Exercise prompt: Please print exactly the lines below, from the start of the material up to and including the line with "A 6-panel trucker", but none of the pictures.

Task input:
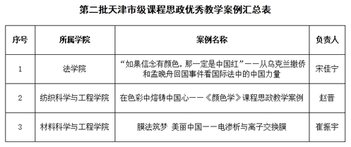近日,市教委公布了第二批天津市级课程思政优秀教学案例(本科)评选结果,我校共有3个案例获批。获批数量与南开大学、天津大学、天津中医药大学并列全市第一。
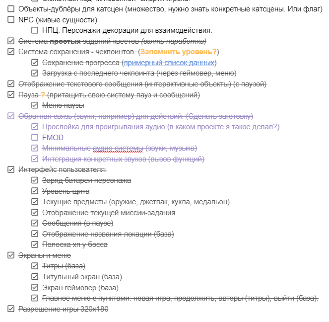 Список todo когда ещё не было сильной конкретики. Как видно — завершил я не всё. А потом появился список с большими конкретными моментами (уровни, катсцены) и ОГРОМНЫЙ список правок и изменений от чего я сильно бухтел.
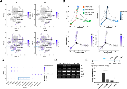 Fig. 1 Expression of the IL-6 signaling components in control and stab-injured zebrafish retinas. (A) Single-cell RNAseq analysis showing the expression of il6, il6r, il6st, and stat3 in adult zebrafish retina. (B) Pseudotime analysis showing the expression of il6 and il1b during microglia status transition. The dashed arrows show the direction of the status transition. (C) Dotplot showing the expression of IL-6 signaling component genes in MG, microglia, and neutrophil. (D) PCR analysis showing the expression of il6, il6r, il6st, stat3, and house-keeping gene rpl13 at the indicated time points in zebrafish retina. (E) Microglia ablation using the Tg(mpeg1:nsfB-mCherry) transgenic zebrafish combined with metronidazole (MTZ) treatment abolished injury-dependent retinal il6 expression at 12 hpi and 1 dpi, as shown by qPCR. *, P < 0.05. AC, amacrine cells; BC, bipolar cells; HC, horizontal cells; MG, Müller glia; MTZ, metronidazole; RGC, retinal ganglion cells; RPE, retinal pigment epithelium; tSNE, t-Distributed Stochastic Neighbor Embedding.
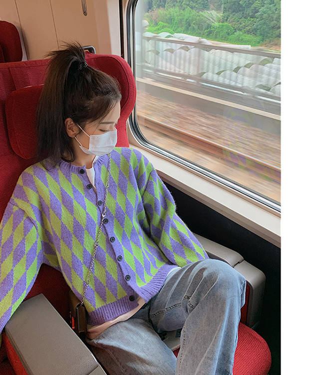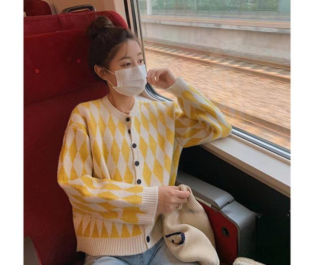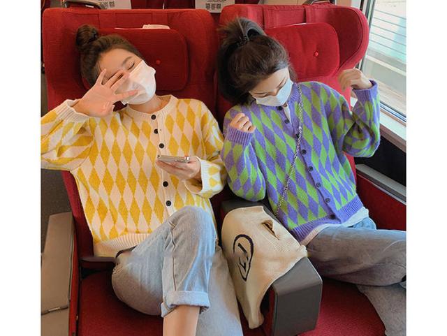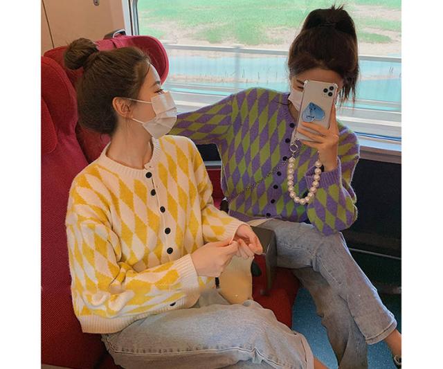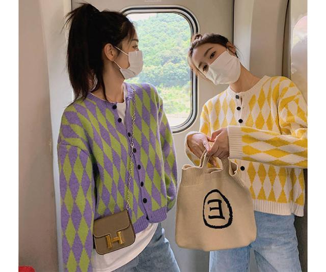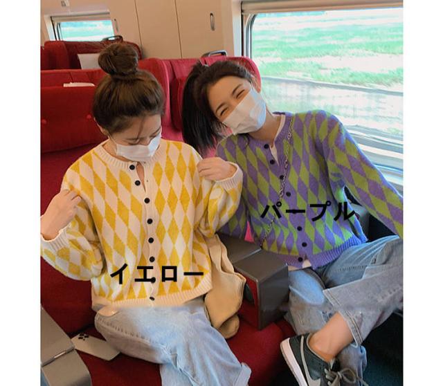 菱形柄カーディガン レディース ニットアウター カーディガン ニットカーディガン 菱形柄 ゆったり カジュアル 春服 秋服 おしゃれ 可愛い チェック柄 ラウンドネック 丸首
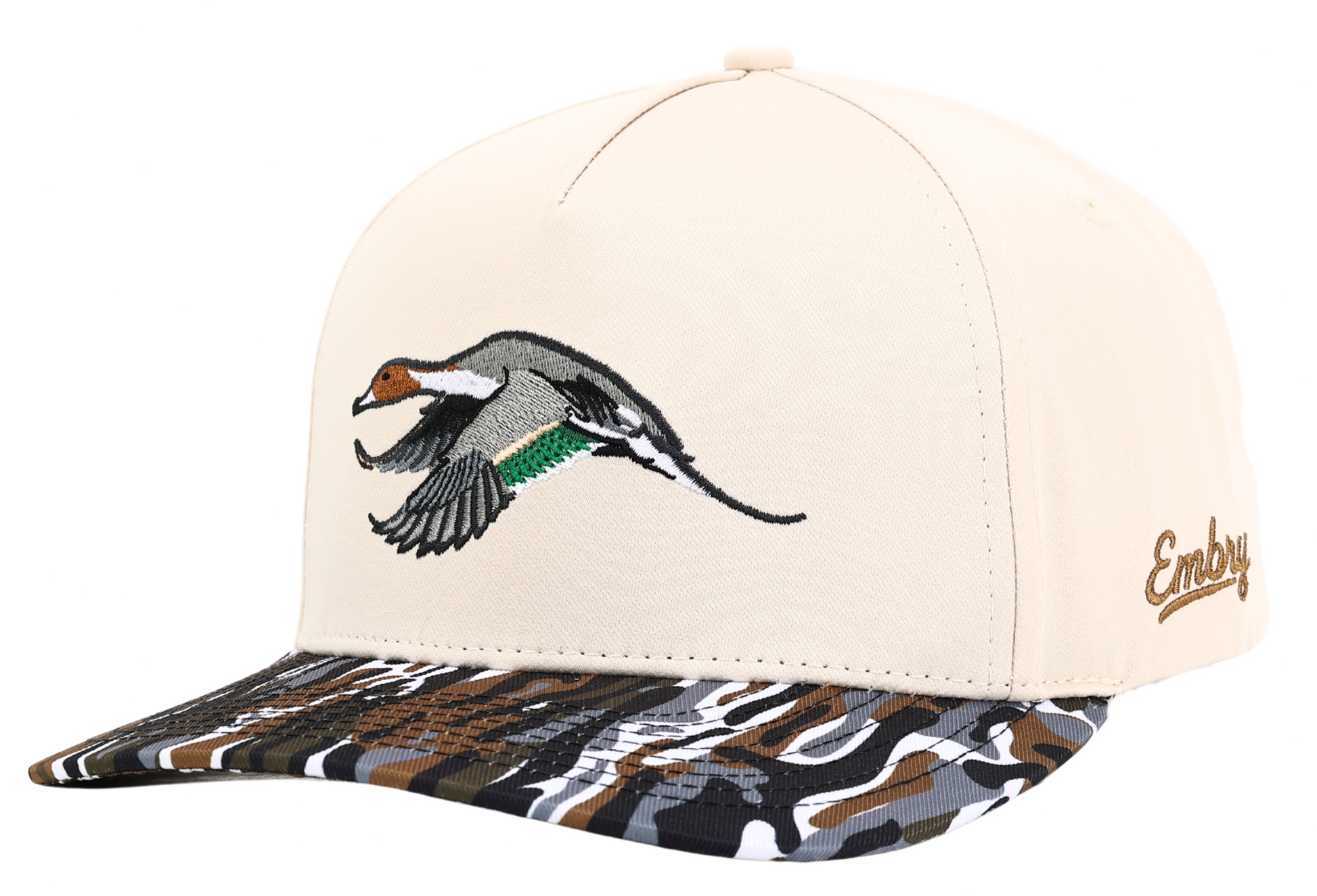 A 6-panel trucker high-profile hat that features our brand new "Ranch" camo on the bill, all around cream panels, and our "Pintail" design!
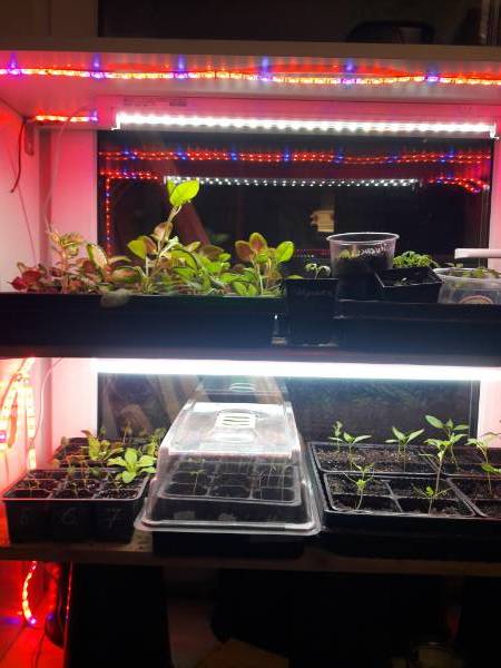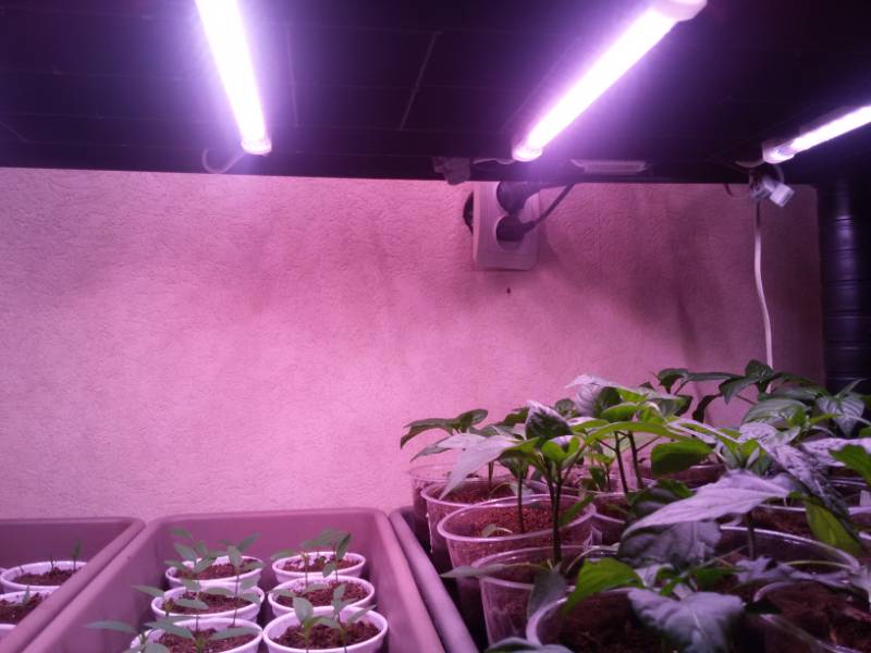 Светильники  сын сам паял, вроде как для растений . Свет чуть розоватый, синих ламп точно  нет.
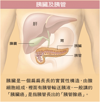 胰臟癌一開始是怎麼發生的?胰臟是一個扁扁長長的實質性構造,由腺細胞組成,從外型來看是一塊肉,裡面有胰管輸送胰液,一般講的「胰臟癌」是指胰管長出的「胰管腺癌」。至於像蘋果創辦人賈伯斯罹患的「胰臟神經內分泌瘤」則不屬於此種。
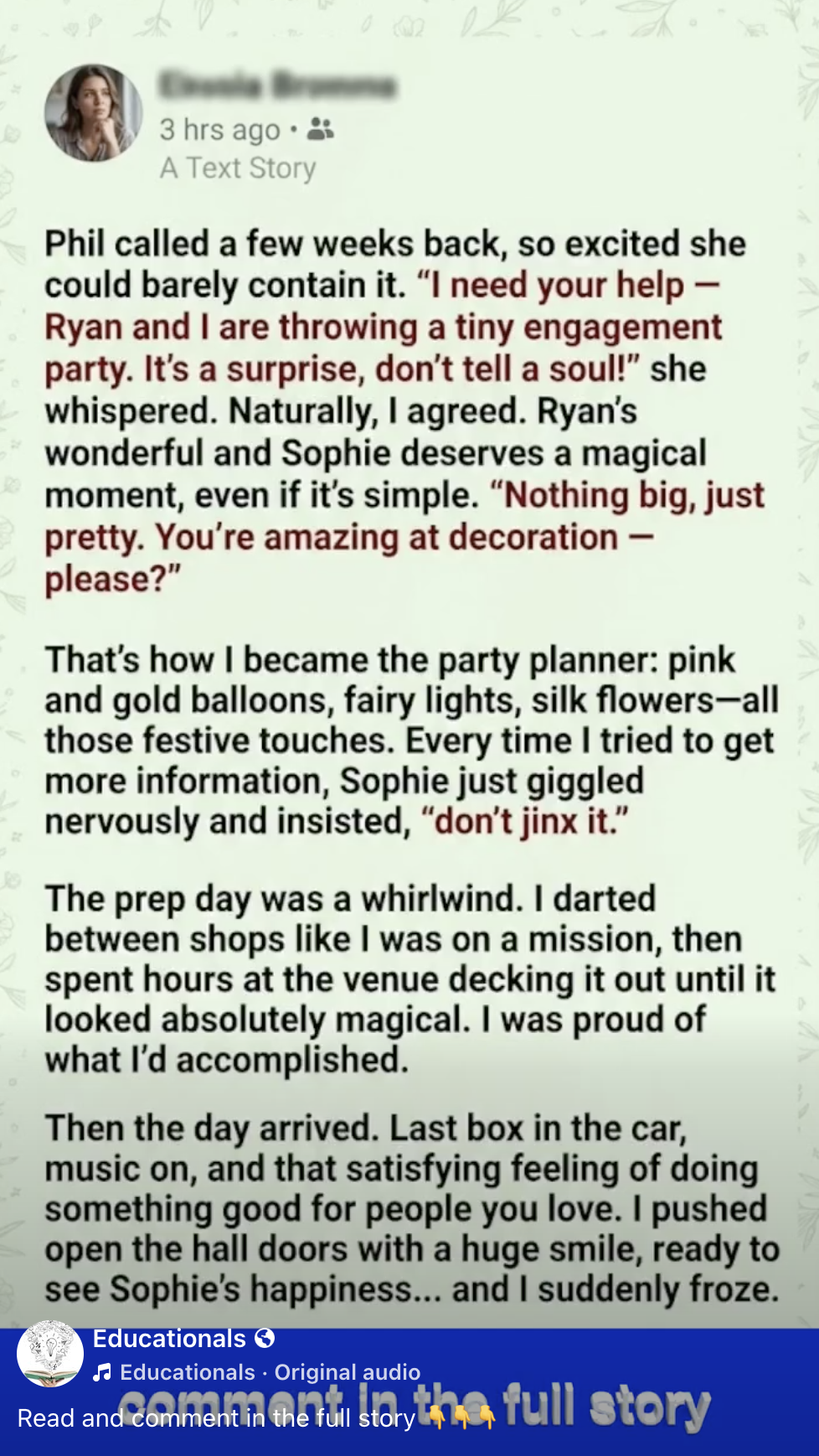 That’s how I became the party planner: pink and gold balloons, fairy lights, silk flowers—all those festive touches. Every time I tried to get more information, Sophie just giggled nervously and insisted, “don’t jinx it”. I thought she was just nervous about the engagement. I didn’t realize she was nervous about me.
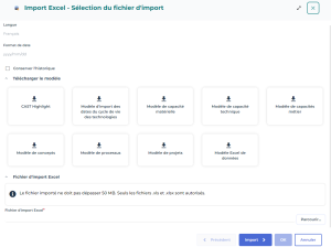 Télécharger le fichier d'import dans HOPEX
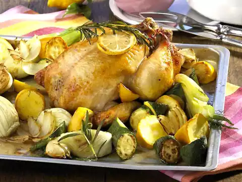 Clean, wash and cut the vegetables into pieces. Peel 3 onions and cut into slices. After about 1 hour, spread everything with garlic cloves, the rest rosemary and lemon slices around the chicken, season. Turn the vegetables from time to time. Season to taste and arrange everything. Goes well with farmhouse bread or roast potatoes
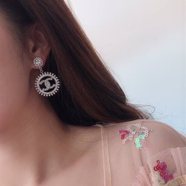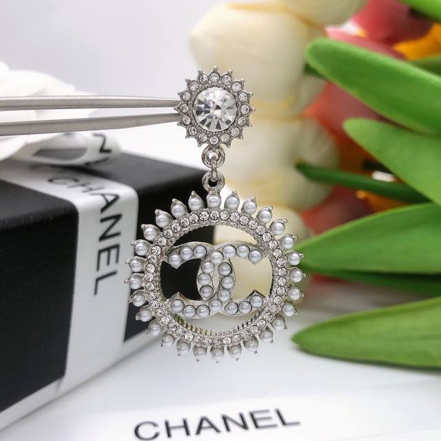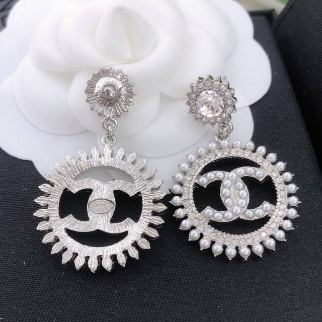 ID Xed0169 DDD Cute girls should be powerless against polka dots, right? These new Chanel-style round silver pearl earrings easily create a sweet look! A pair of cool sunglasses, a vintage bag, bright high heels, and a bold red lip
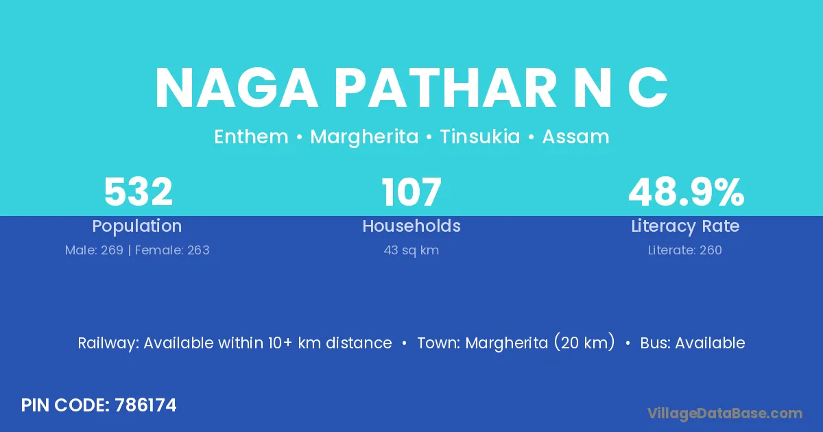 Margherita (20 km) is the nearest town to Naga Pathar N C village for major economic activities and is located approximately 20 km away.

Finished task:
近日,市教委公布了第二批天津市级课程思政优秀教学案例(本科)评选结果,我校共有3个案例获批。获批数量与南开大学、天津大学、天津中医药大学并列全市第一。
 Список todo когда ещё не было сильной конкретики. Как видно — завершил я не всё. А потом появился список с большими конкретными моментами (уровни, катсцены) и ОГРОМНЫЙ список правок и изменений от чего я сильно бухтел.
 Fig. 1 Expression of the IL-6 signaling components in control and stab-injured zebrafish retinas. (A) Single-cell RNAseq analysis showing the expression of il6, il6r, il6st, and stat3 in adult zebrafish retina. (B) Pseudotime analysis showing the expression of il6 and il1b during microglia status transition. The dashed arrows show the direction of the status transition. (C) Dotplot showing the expression of IL-6 signaling component genes in MG, microglia, and neutrophil. (D) PCR analysis showing the expression of il6, il6r, il6st, stat3, and house-keeping gene rpl13 at the indicated time points in zebrafish retina. (E) Microglia ablation using the Tg(mpeg1:nsfB-mCherry) transgenic zebrafish combined with metronidazole (MTZ) treatment abolished injury-dependent retinal il6 expression at 12 hpi and 1 dpi, as shown by qPCR. *, P < 0.05. AC, amacrine cells; BC, bipolar cells; HC, horizontal cells; MG, Müller glia; MTZ, metronidazole; RGC, retinal ganglion cells; RPE, retinal pigment epithelium; tSNE, t-Distributed Stochastic Neighbor Embedding.
 菱形柄カーディガン レディース ニットアウター カーディガン ニットカーディガン 菱形柄 ゆったり カジュアル 春服 秋服 おしゃれ 可愛い チェック柄 ラウンドネック 丸首
 A 6-panel trucker high-profile hat that features our brand new "Ranch" camo on the bill, all around cream panels, and our "Pintail" design!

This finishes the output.